The Senate Judiciary Committee this morning unanimously approved Sri Srinivasan’s nomination for a seat on the U.S. Court of Appeals for the District of Columbia Circuit, clearing the way for a vote by the full chamber.

The panel voted 18-0 to back the nominee, currently the principal deputy to the Solicitor General, who has become the public face of the White House’s push to fill one of four open seats on the D.C. Circuit with the shadow of former nominee Caitlin Halligan hanging over the nomination.

Srinivasan seems unlikely to face a similar fate having won the support of leading Republican senators, including ranking member Charles Grassley (R-Iowa) .

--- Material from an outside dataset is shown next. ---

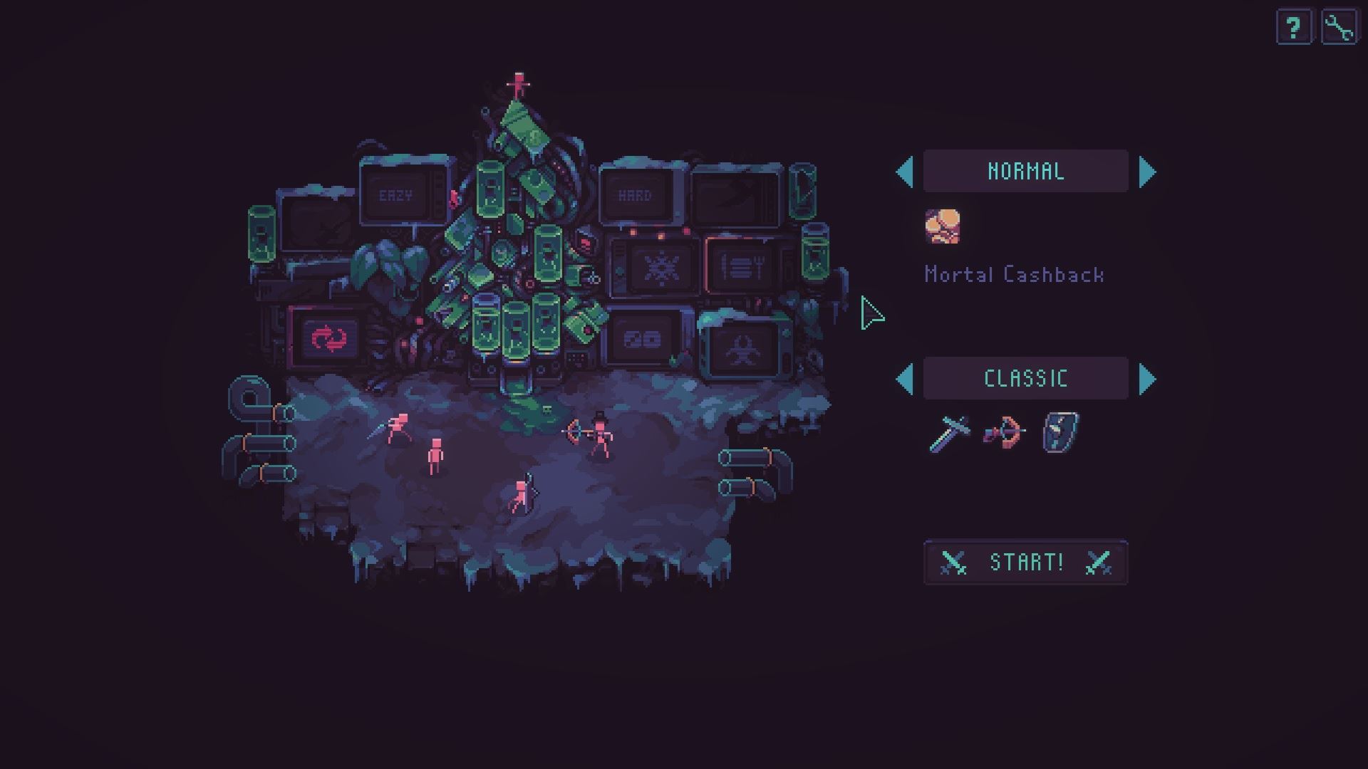 Po navolení novej hry, ktorá okrem easy a normal ponúkne aj iné obťažnosti, (buď po prejdení hlavnej hry alebo po splnení určitých úloh počas hrania) si taktiež môžete vybrať typy postáv či zbraní, s ktorými začínate. Hra síce určuje sériu postáv na výber, ale postupným splnením konkrétnych úloh bude ich výber väčší. Okrem postavičiek so zbraňami môžete začínať aj s nahým človiečikom, ktorému neskôr, keď budete chcieť, pridelíte zbraň / oblečenie.

Srinivasan, who would become the first appeals court judge of South Asian heritage, is already generating buzz as a potential Supreme Court nominee. His high-profile may have led to many of the senators in attendance to press him on his broader ideological philosophy.

Obama has called Srinivasan a “trailblazer,” saying he “will serve the court with distinction and excellence.”

From 1995 to 1996, Srinivasan served as a law clerk on the D.C. Circuit, and then spent a year as a Bristow Fellow in the Office of the Solicitor General before clerking for Justice O’Connor. Srinivasan was hired as an associate at O’Melveny & Myers LLP from 1998 until 2002.

In 2002, he returned to the Solicitor General’s Office as an Assistant to the Solicitor General.

He left the government in 2007 and rejoined O’Melveny as a partner. Then, in August 2011, he came back to the Office of the Solicitor General as the principal deputy.

Srinivasan received his B.A. from Stanford University in 1989 and his J.D. from Stanford Law School in 1995.  He also holds an MBA from the Stanford Graduate School of Business.